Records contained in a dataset
....
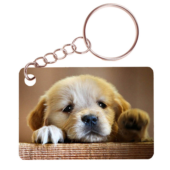 Sleutelhanger 6x4cm - Golden Retreiver Pup op Houten Balk
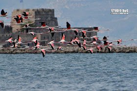 Τα φοινικόπτερα ή κοινός φλαμίνγκο συνεχίζουν να καταφθάνουν κάνοντας στάση στον υδροβιότοπο του Ναυπλίου προσελκύοντας τα βλέμματα ντόπιων και επισκεπτών.
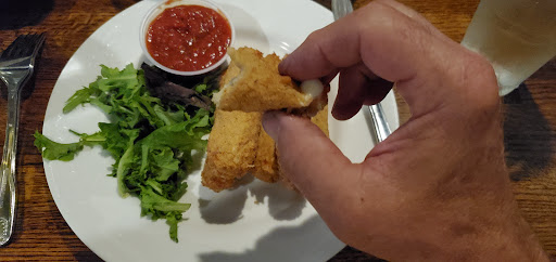 We wouldnt go back. First off, you have a fine dining place setting (dinner fork, salad fork, soup spoon, and butter knife) with blue linen napkins, but the table is covered with a brown sheet of crinkly paper. Weird but we figured the food would make up for the decor and atmosphere. We ordered the Calamari as an appetizer, which was okay, the bland breading kept falling off but it was cooked correctly, so points for that I guess. The marinara was watery and definitely from a can. My husband ordered the Admirals platter to try a bit of everything and couldnt eat more than a few bites. He couldnt stomach it, and hes not a picky eater. The salad that "came with his meal" was a premade salad on a freezing cold plate suggesting its been sitting in a fridge for hours before being brought to the table. The Staff were very friendly when we were greeted but upon sitting we were ignored the majority of the meal, so that was the cherry on top. We wont be returning.
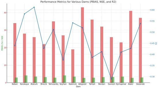 In Figure 5, the vertical axis represents the metric values, while the horizontal axis lists the individual dam names. The blue bars indicate the NSE (Nash–Sutcliffe Efficiency) values, the green bars represent the PBIAS (Percent Bias) values, and the red bars show the R2 (Coefficient of Determination) values for each dam.
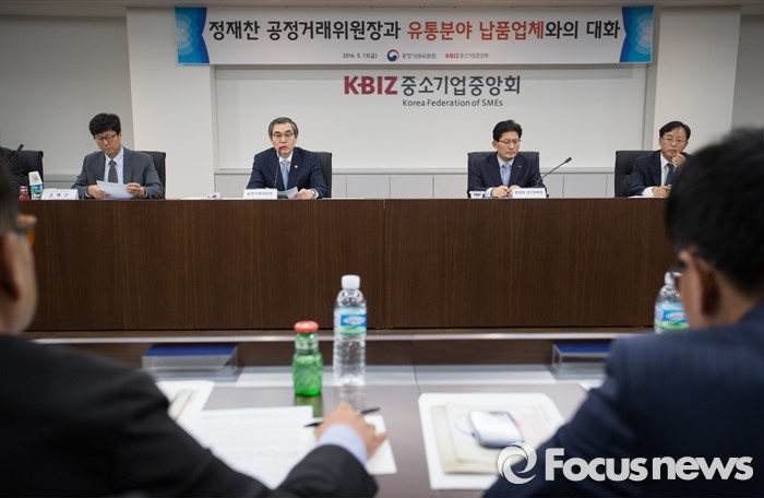 (서울=포커스뉴스) 정재찬(왼쪽 두번째) 공정거래위원장이 13일 오후 서울 여의도 중소기업중앙회에서 열린 유통분야 납품업체 간담회에 참석해 발언하고 있다.
....
▶ **PROBLEM DESCRIPTION**
From the first line to the last, reproduce the records above exactly and skip the pictures.

▶ **RESPONSE FOR THIS EXERCISE**
 Sleutelhanger 6x4cm - Golden Retreiver Pup op Houten Balk
 Τα φοινικόπτερα ή κοινός φλαμίνγκο συνεχίζουν να καταφθάνουν κάνοντας στάση στον υδροβιότοπο του Ναυπλίου προσελκύοντας τα βλέμματα ντόπιων και επισκεπτών.
 We wouldnt go back. First off, you have a fine dining place setting (dinner fork, salad fork, soup spoon, and butter knife) with blue linen napkins, but the table is covered with a brown sheet of crinkly paper. Weird but we figured the food would make up for the decor and atmosphere. We ordered the Calamari as an appetizer, which was okay, the bland breading kept falling off but it was cooked correctly, so points for that I guess. The marinara was watery and definitely from a can. My husband ordered the Admirals platter to try a bit of everything and couldnt eat more than a few bites. He couldnt stomach it, and hes not a picky eater. The salad that "came with his meal" was a premade salad on a freezing cold plate suggesting its been sitting in a fridge for hours before being brought to the table. The Staff were very friendly when we were greeted but upon sitting we were ignored the majority of the meal, so that was the cherry on top. We wont be returning.
 In Figure 5, the vertical axis represents the metric values, while the horizontal axis lists the individual dam names. The blue bars indicate the NSE (Nash–Sutcliffe Efficiency) values, the green bars represent the PBIAS (Percent Bias) values, and the red bars show the R2 (Coefficient of Determination) values for each dam.
 (서울=포커스뉴스) 정재찬(왼쪽 두번째) 공정거래위원장이 13일 오후 서울 여의도 중소기업중앙회에서 열린 유통분야 납품업체 간담회에 참석해 발언하고 있다.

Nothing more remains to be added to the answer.